Improved enumeration of simple topological graphs
A simple topological graph T = (V(T), E(T)) is a drawing of a graph in the plane where every two edges have at most one common point (an endpoint or a crossing) and no three edges pass through a single crossing. Topological graphs G and H are isomorphic if H can be obtained from G by a homeomorphism of the sphere, and weakly isomorphic if G and H have the same set of pairs of crossing edges. We generalize results of Pach and Toth and the author’s previous results on counting different drawings of a graph under both notions of isomorphism. We prove that for every graph G with n vertices, m edges and no isolated vertices the number of weak isomorphism classes of simple topological graphs that realize G is at most 2^O(n^2 log(m/n)), and at most 2^O(mn^{1/2} log n) if m < n^{3/2}. As a consequence we obtain a new upper bound 2^O(n^{3/2} log n) on the number of intersection graphs of n pseudosegments. We improve the upper bound on the number of weak isomorphism classes of simple complete topological graphs with n vertices to 2^{n^2 alpha(n)^O(1)}, using an upper bound on the size of a set of permutations with bounded VC-dimension recently proved by Cibulka and the author. We show that the number of isomorphism classes of simple topological graphs that realize G is at most 2^{m^2+O(mn)} and at least 2^Omega(m^2) for graphs with m > (6+epsilon)n.
💡 Research Summary
The paper investigates the enumeration of simple topological graphs—drawings of a graph in the plane where any two edges intersect at most once and no three edges meet at a single crossing—under two notions of equivalence: topological isomorphism (homeomorphism of the sphere) and weak isomorphism (identical sets of crossing edge pairs). After recalling the definitions, the authors extend earlier results that were limited to complete graphs or to very coarse bounds for general graphs.

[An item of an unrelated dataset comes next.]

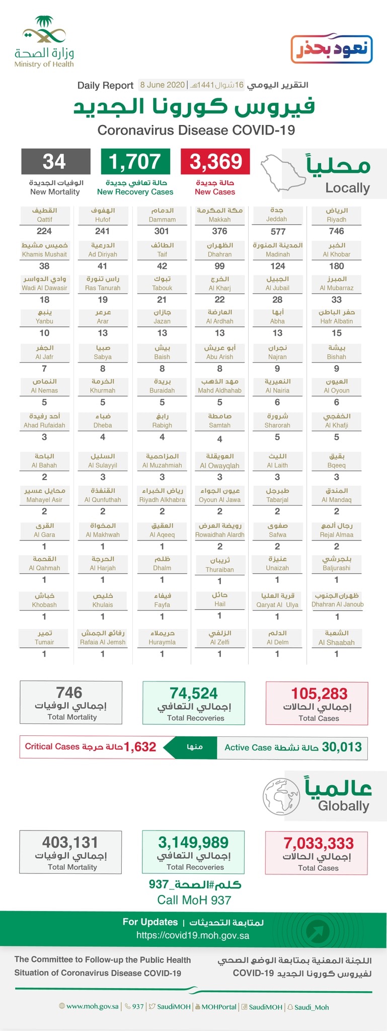 أعلنت وزارة الصحة، اليوم الاثنين، تسجيل 3369 إصابة جديدة بفيروس ”كورونا“ المستجد ”كوفيد - 19“ في المملكة. منها 224 في القطيف و2 بصفوى. ليرتفع إلى 105283 حالة مؤكدة.

The first major theorem gives an upper bound on the number of weak‑isomorphism classes for any graph G with n vertices, m edges and no isolated vertices. By partitioning the edge set into O(m/n) groups and encoding the crossing pattern of each group as a permutation, they control the combinatorial explosion using recent bounds on the size of permutation families with bounded VC‑dimension. This yields a universal bound of 2^{O(n² log(m/n))}. When m < n^{3/2}, a refined partitioning argument improves the bound to 2^{O(m n^{1/2} log n)}. These results directly imply a new upper bound of 2^{O(n^{3/2} log n)} on the number of intersection graphs that can be realized by n pseudosegments, because such intersection graphs correspond bijectively to weak‑isomorphism classes of simple topological graphs.
The second contribution focuses on complete graphs K_n. Leveraging a recent theorem (Cibulka & the author) that limits the cardinality of a set of permutations whose VC‑dimension is k, the authors show that the VC‑dimension of the permutation families arising from K_n can be bounded by the inverse Ackermann function α(n). Consequently, the number of weak‑isomorphism classes of simple complete topological graphs is at most 2^{n² α(n)^{O(1)}}, a dramatic improvement over the previous 2^{O(n² log n)} bound. Since α(n) grows slower than any iterated logarithm, this bound is essentially quadratic in n up to a near‑constant factor.

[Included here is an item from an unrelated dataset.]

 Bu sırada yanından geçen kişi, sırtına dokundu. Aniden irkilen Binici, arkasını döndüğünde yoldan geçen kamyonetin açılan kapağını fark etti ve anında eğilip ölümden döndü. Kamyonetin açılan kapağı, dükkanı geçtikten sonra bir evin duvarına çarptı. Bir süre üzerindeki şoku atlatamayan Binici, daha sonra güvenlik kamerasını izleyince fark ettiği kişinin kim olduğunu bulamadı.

For topological isomorphism, which is stricter because it records the exact cyclic order of edges around each vertex as well as the crossing order, the authors prove an upper bound of 2^{m²+O(mn)}. The argument observes that each unordered pair of edges can either cross or not, and if they cross there are only a constant number of possible relative orders, giving a factor of 2^{O(m²)}. The additional O(mn) term accounts for the choices of rotation systems at the vertices. On the lower‑bound side, they show that when the edge density exceeds (6+ε)n, one can construct graphs whose drawings realize 2^{Ω(m²)} distinct topological isomorphism classes, essentially matching the upper bound up to the lower‑order term.
The paper also discusses methodological innovations. The central technical tool is the application of VC‑dimension to permutation families derived from crossing patterns; this bridges combinatorial geometry and learning‑theoretic concepts. By controlling VC‑dimension, the authors limit the number of admissible permutations, which in turn caps the number of possible crossing configurations. The partitioning scheme for general graphs and the refined analysis for dense graphs (m > (6+ε)n) are tailored to exploit sparsity or density respectively.
In the concluding remarks, the authors note that the gap between the upper and lower bounds remains open, especially for the weak‑isomorphism case when m is close to n². They suggest that further tightening of VC‑dimension bounds or new structural decompositions could narrow this gap. The results have immediate implications for the study of intersection graphs of geometric objects, pseudosegment arrangements, and for algorithmic problems where the number of distinct topological embeddings influences complexity. Overall, the work significantly advances our understanding of how combinatorial parameters (n, m) control the richness of topological graph drawings.